Though there are two verbs, breathing and taken, they are the wrong forms to make this a complete sentence. But the effects are a sense of immediacy and the feeling that you, the reader, are right there at the apartment door with Finch.  

The second sentence has a couple more no-no's. Two, mark that well, two passive verbs! How often are we told passive verbs are not allowed on the first page?

The message that'd brought him from the station was already dying in his hand. 

I hope sincerely that you ignored the passive verbs to wonder how a message could be dying? 

Red smear on a limp circle of green fungal paper that had minutes before squirmed clammy.

Another sentence with a missing word, an indefinite article at its beginning this time, the third sentence describes the physical attributes of the message.
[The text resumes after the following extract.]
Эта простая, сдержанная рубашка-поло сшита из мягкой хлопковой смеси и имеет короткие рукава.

Who's got time to worry about the incomplete-ness of the sentence when faced with red smear, limp circle, green fungal paper, and squirmed clammy to try and make sense of?
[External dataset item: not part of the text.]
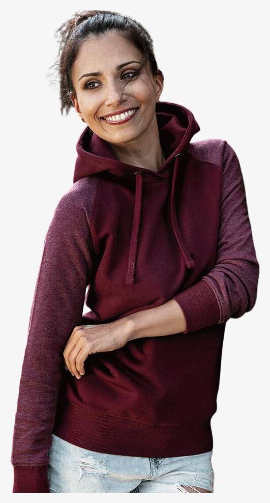 O casaco com capuz my mate - Ladies' No Pocket Hoody combina algodão ring-spun e poliéster com corte moderno e capuz de duas camadas em 3 peças. Inclui cordão plano combinado, mangas raglan e pequeno bolso canguru. Construção com costuras laterais e malha canelada 2x1 nas extremidades.

The fourth group of words is a complete actual sentence. 

Now he had only the door to pass through, marked with the gray caps' symbol. 

In the first section there are six complete sentences out of a total of twenty groups of words that some would say are masquerading as sentences. 

But not me. I love what you can do with incomplete sentences. But I have a question of all the people who are still saying that incomplete sentences are an anathema to good writing. What have you been reading lately? 

Monday, June 8, 2015

When You Can't Type ...

I see I've been off-line for almost a month. I've been recovering from a combination of overusing my wrists, elbows and shoulders without moving my shoulder blades adequately. This how interpret the Osteopath's comments, and the exercises he set. Sitting still and typing too often and too long is another way of putting it.

I'll be well content if I can get myself fit enough to do my Tai Chi warm up routine every day, as taught me by Michael Rose who learned from Patrick Kelly.

View of Byron Shire Valley from the Eastern Flank of Montecollum
As well as hundreds of arm and shoulder exercises, I've been walking. However, this view is accessible only from a Bed & Breakfast place where I visited a while ago. All my recent walking has been around Mullumbimby which lies to the upper left just out of the frame.